## Description of the task
Copy the records below exactly, starting at the line that contains "Made from heavy, non-brushed" and ending at the line that contains "以墙面的储物区分客厅与餐厅的"; leave out any pictures.

(Items listed in a dataset)
_ _ _

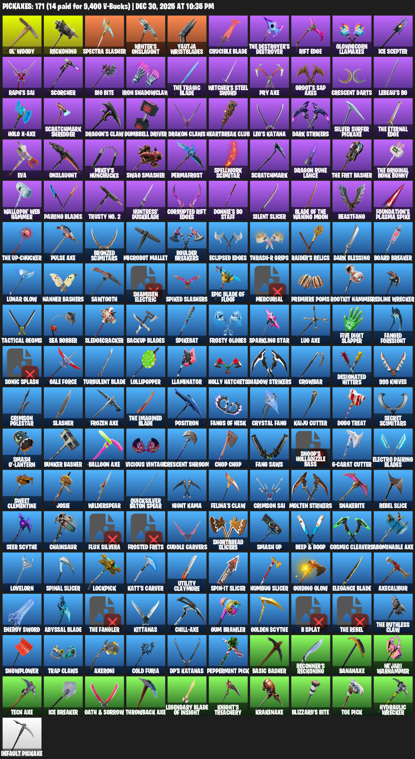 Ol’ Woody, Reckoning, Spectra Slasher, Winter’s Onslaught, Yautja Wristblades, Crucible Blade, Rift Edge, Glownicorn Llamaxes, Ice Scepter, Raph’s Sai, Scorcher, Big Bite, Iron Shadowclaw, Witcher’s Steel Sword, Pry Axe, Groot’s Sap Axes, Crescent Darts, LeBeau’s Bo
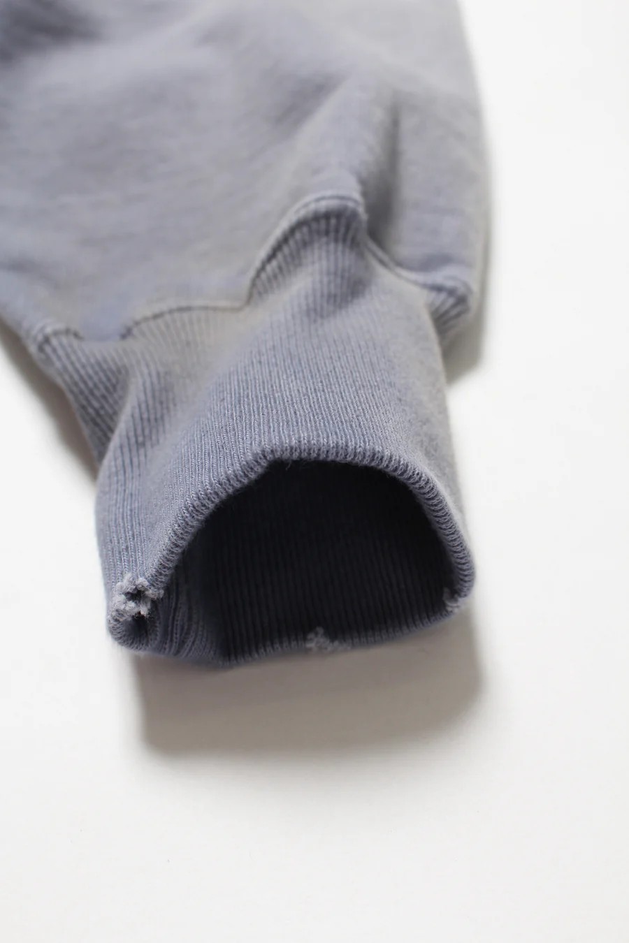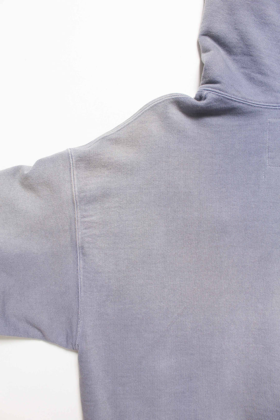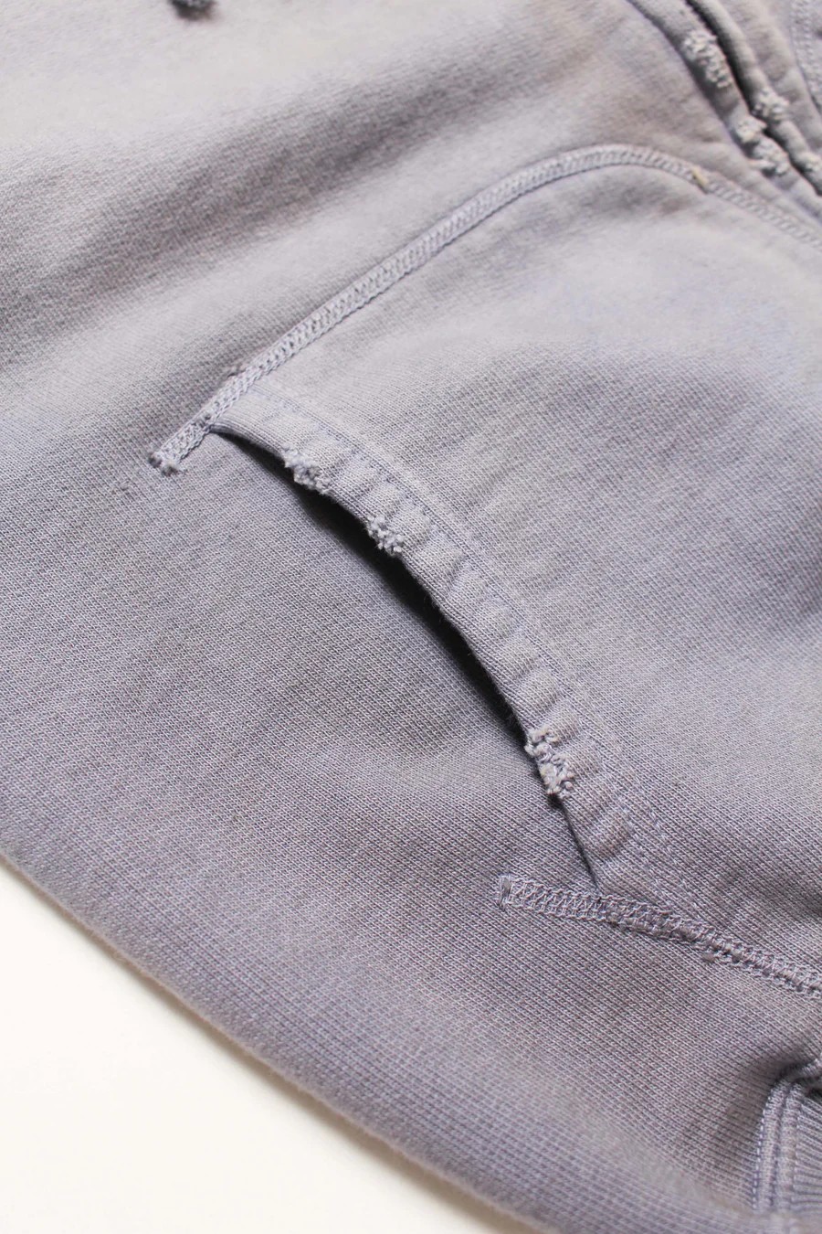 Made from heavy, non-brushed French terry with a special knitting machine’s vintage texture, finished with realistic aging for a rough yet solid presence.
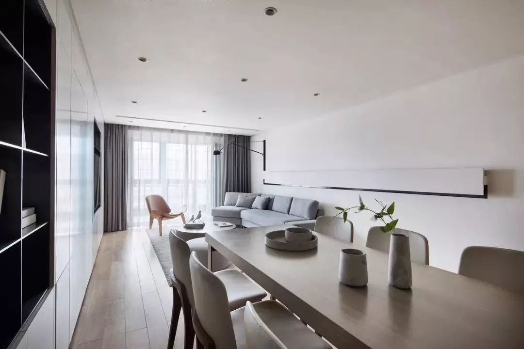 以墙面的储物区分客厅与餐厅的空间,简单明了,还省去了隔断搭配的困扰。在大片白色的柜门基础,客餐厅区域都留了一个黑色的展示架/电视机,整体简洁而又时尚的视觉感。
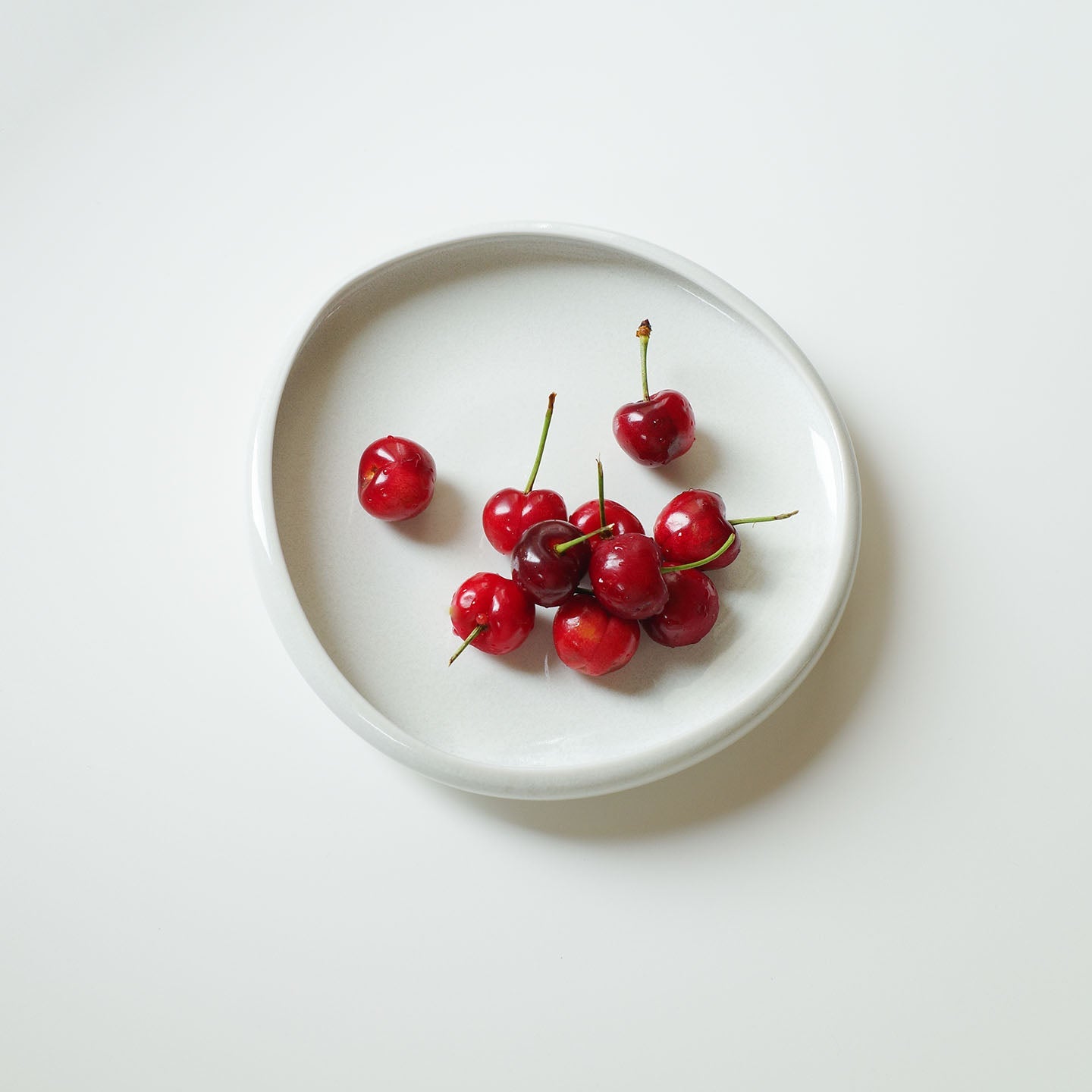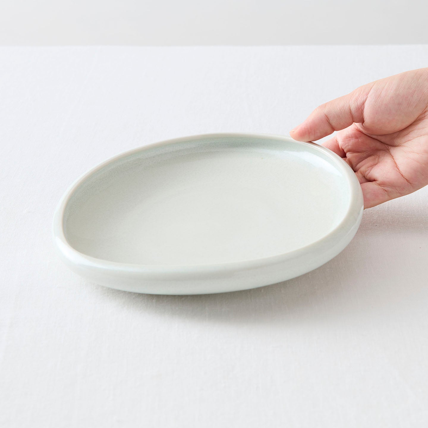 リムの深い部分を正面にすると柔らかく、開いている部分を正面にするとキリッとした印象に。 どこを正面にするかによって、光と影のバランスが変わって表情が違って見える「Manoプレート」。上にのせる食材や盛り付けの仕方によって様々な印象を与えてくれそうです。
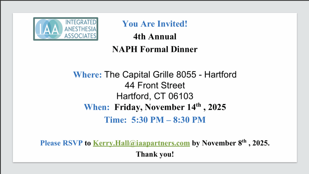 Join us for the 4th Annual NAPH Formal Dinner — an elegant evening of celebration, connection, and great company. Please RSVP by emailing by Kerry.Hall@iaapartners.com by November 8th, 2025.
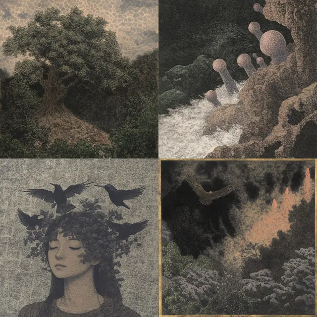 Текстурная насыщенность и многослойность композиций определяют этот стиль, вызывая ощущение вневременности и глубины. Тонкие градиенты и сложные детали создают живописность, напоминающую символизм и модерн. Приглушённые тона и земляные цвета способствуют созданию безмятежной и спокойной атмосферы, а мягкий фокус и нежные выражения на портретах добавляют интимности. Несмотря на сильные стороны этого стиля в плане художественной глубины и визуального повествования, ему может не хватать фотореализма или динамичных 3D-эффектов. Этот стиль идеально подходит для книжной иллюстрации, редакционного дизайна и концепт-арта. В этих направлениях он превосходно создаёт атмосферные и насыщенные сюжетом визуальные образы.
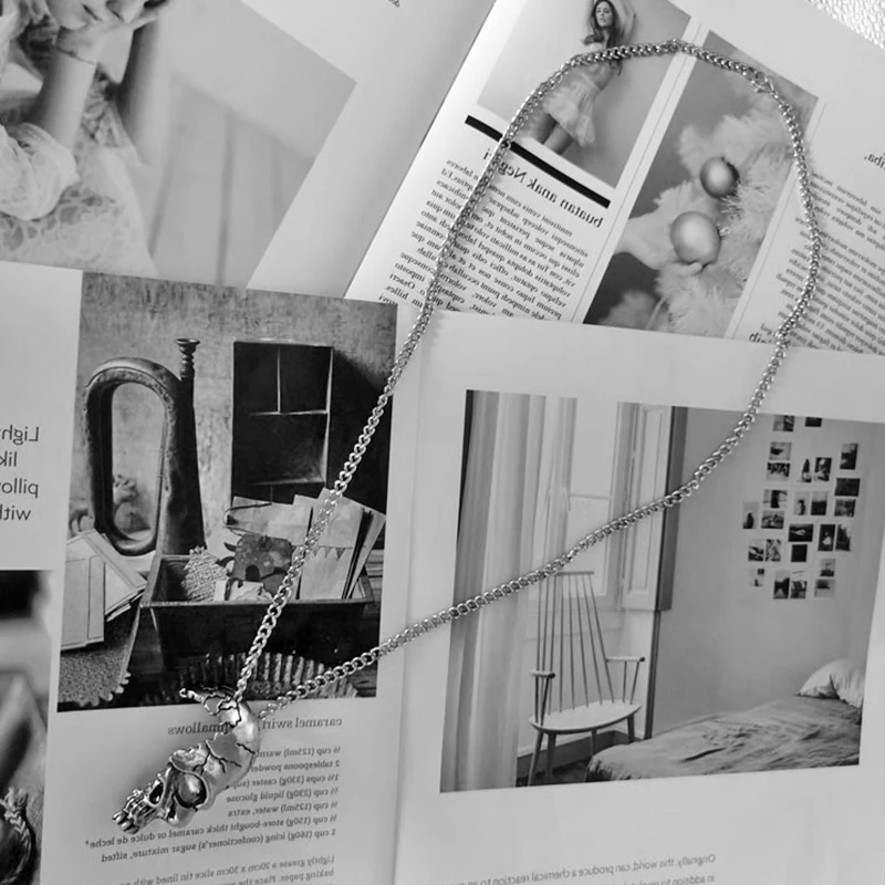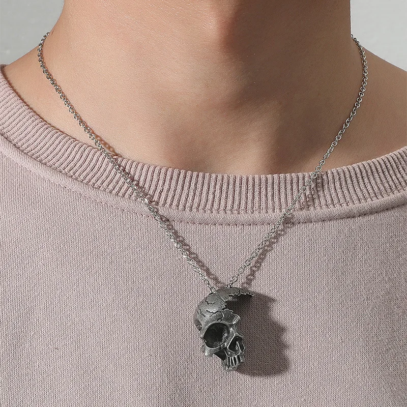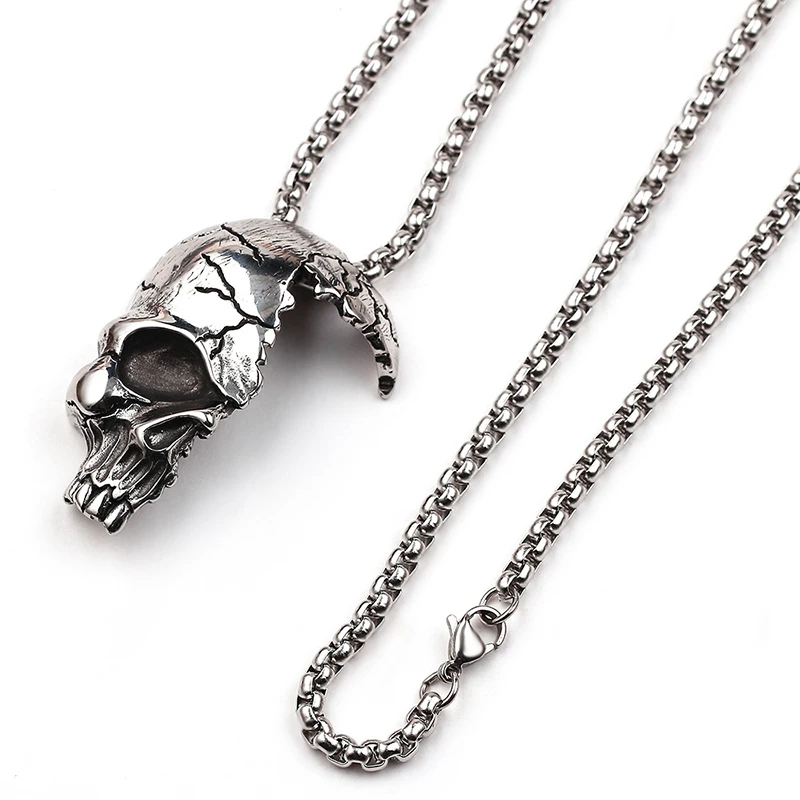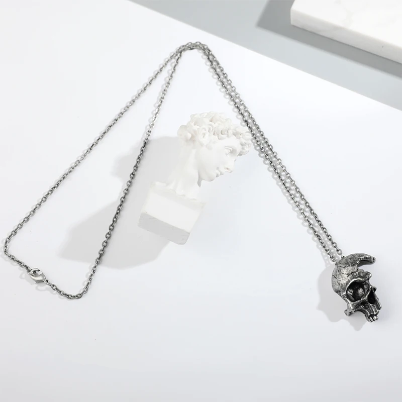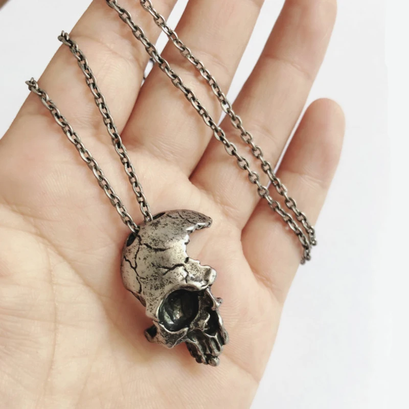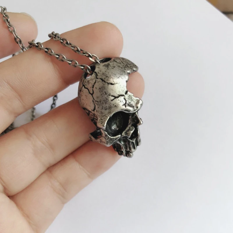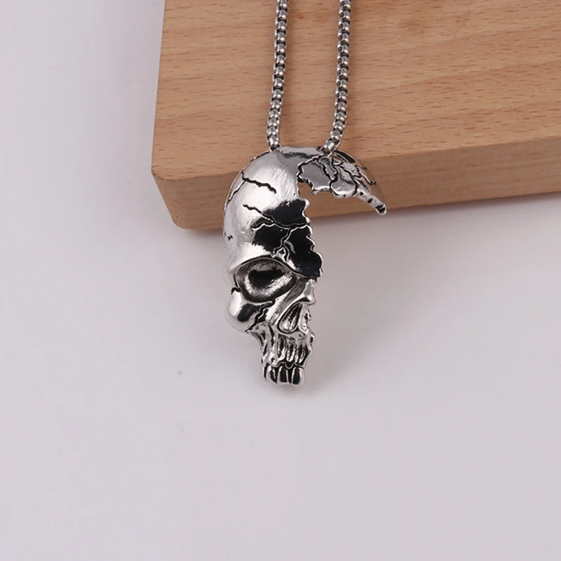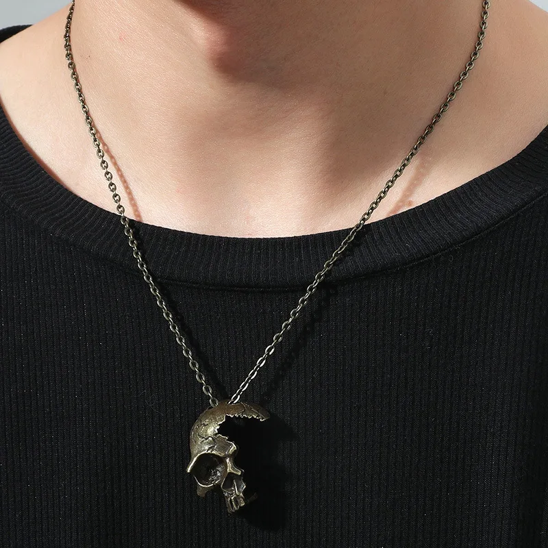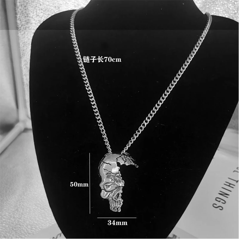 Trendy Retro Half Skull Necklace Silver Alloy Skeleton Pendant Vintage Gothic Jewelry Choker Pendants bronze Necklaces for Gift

_ _ _

## Solution for this problem
 Made from heavy, non-brushed French terry with a special knitting machine’s vintage texture, finished with realistic aging for a rough yet solid presence.
 以墙面的储物区分客厅与餐厅的空间,简单明了,还省去了隔断搭配的困扰。在大片白色的柜门基础,客餐厅区域都留了一个黑色的展示架/电视机,整体简洁而又时尚的视觉感。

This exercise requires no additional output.